I've written a web crawler that I'd like to be able to stop via the keyboard. I don't want the program to die when I interrupt it; it needs to flush its data to disk first. I also don't want to catch KeyboardInterruptedException, because the persistent data could be in an inconsistent state.

My current solution is to define a signal handler that catches SIGINT and sets a flag; each iteration of the main loop checks this flag before processing the next url.
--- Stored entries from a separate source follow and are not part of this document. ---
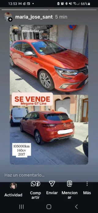 Se vende Renault Mégane compacto, en muy buen estado y listo para usar, sin necesidad de hacerle nada. 🔧 Motor: 1.2 gasolina ⚡ Potencia: 116 CV (85 kW) ⚙️ Cambio: manual 🚗 Tracción: delantera 🌱 Etiqueta medioambiental: C 📅 Antigüedad: 12 años 📄 ITV: recién pasada 💨 Emisiones CO₂: 119 g/km ✨ Equipamiento destacado: Bluetooth Sistema Start & Stop (Eco2) Aire acondicionado Dirección asistida Elevalunas eléctricos Cierre centralizado Muy bajo consumo para su potencia 🛠️ Estado general: Coche cuidado, mecánicamente va muy bien, interior y exterior en buen estado. Ideal para ciudad y carretera, cómodo y fiable.
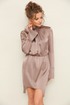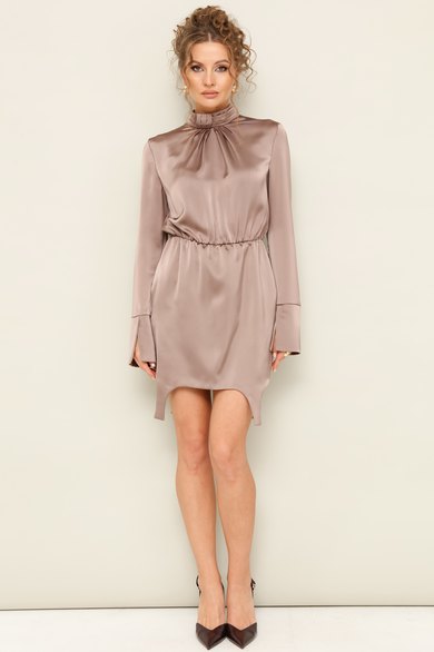 Стильное платье полуприлегающего силуэта, выполнено из струящейся ткани с матовым блеском. Платье отрезное по линии талии на резинке. Горловина с отрезной стойкой и лиф переда декорированы складками. Втачные длинные рукава с манжетами. В среднем шве спинки обработана застёжка на стойке на пуговицы и навесные петли. Низ платья фигурной формы.
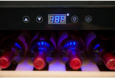 Wine cabinet type: two-temperature, height: 104.50 cm, width: 59.50 cm, depth: 63.50 cm, wine cabinet capacity, bottles: 66, number of chambers: 1, energy efficiency class: C, compressor type: standard, cabinet color: black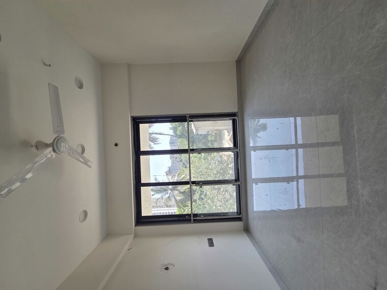 This apartment offers a peaceful park view from its 1st-floor position in Mumbai's Silver Serene CHS society, Goregaon West.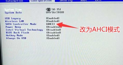 6、注意:返回配置项,勾选SATA控制器模式项。如果默认硬盘模式为RAID,请将硬盘模式更改为AHCI模式,否则进入PE后将无法识别硬盘。如果你改变了,记得按F10保存。如下图所示;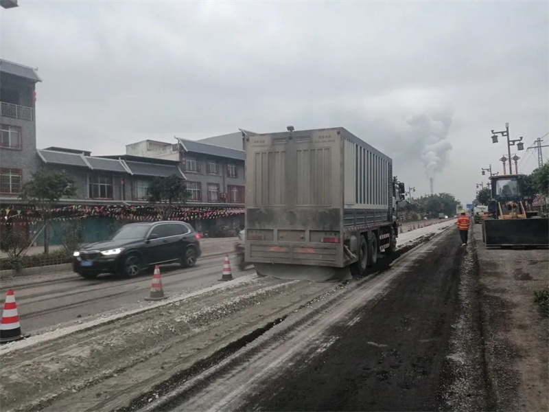 2.然后使用集料撒布機(jī)將新加的碎石和石屑(已按 1:1 比例預(yù)先混配好)均勻撒布于銑刨料之上;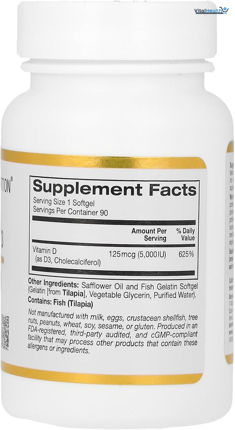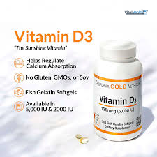 California Gold Nutrition® Vitamin D3, 125 mcg (5,000 IU) is a vitamin D supplement as cholecalciferol in fish gelatin softgels. Vitamin D3 may help support bone health by regulating the absorption of calcium and phosphorus, two minerals needed to build strong bones.

However, I've found that if the system happens to be executing socket.recv() when I send the interrupt, I get this:

^C
Interrupted; stopping...  // indicates my interrupt handler ran
Traceback (most recent call last):
  File "crawler_test.py", line 154, in <module>
    main()
  ...
  File "/Library/Frameworks/Python.framework/Versions/2.6/lib/python2.6/socket.py", line 397, in readline
    data = recv(1)
socket.error: [Errno 4] Interrupted system call

and the process exits completely. Why does this happen? Is there a way I can prevent the interrupt from affecting the system call?

回答1:

socket.recv() calls the underlying POSIX-compliant recv function in the C layer, which, in turn, will return an error code EINTR when the process receives a SIGINT while waiting for incoming data in recv(). This error code can be used on the C side (if you were programming in C) to detect that recv() returned not because there is more data available on the socket but because the process received a SIGINT. Anyway, this error code is turned into an exception by Python, and since it is never caught, it terminates your application with the traceback you see. The solution is simply to catch socket.error, check the error code and if it is equal to errno.EINTR, ignore the exception silently. Something like this:

import errno

try:
    # do something
    result = conn.recv(bufsize)
except socket.error as (code, msg):
    if code != errno.EINTR:
        raise


回答2:

If you don't want your socket call to be interrupted disable the interrupt behavior after you set the signal handler.

signal.signal(<your signal here>, <your signal handler function here>)
signal.siginterrupt(<your signal here>, False)

In the signal handling function set some flag, e.g. a threading.Event() and then check that flag in your main processing function and terminate your crawler gracefully.

Background info here:

  • linux signal man page See discussion about SA_RESTART flag.
  • python docs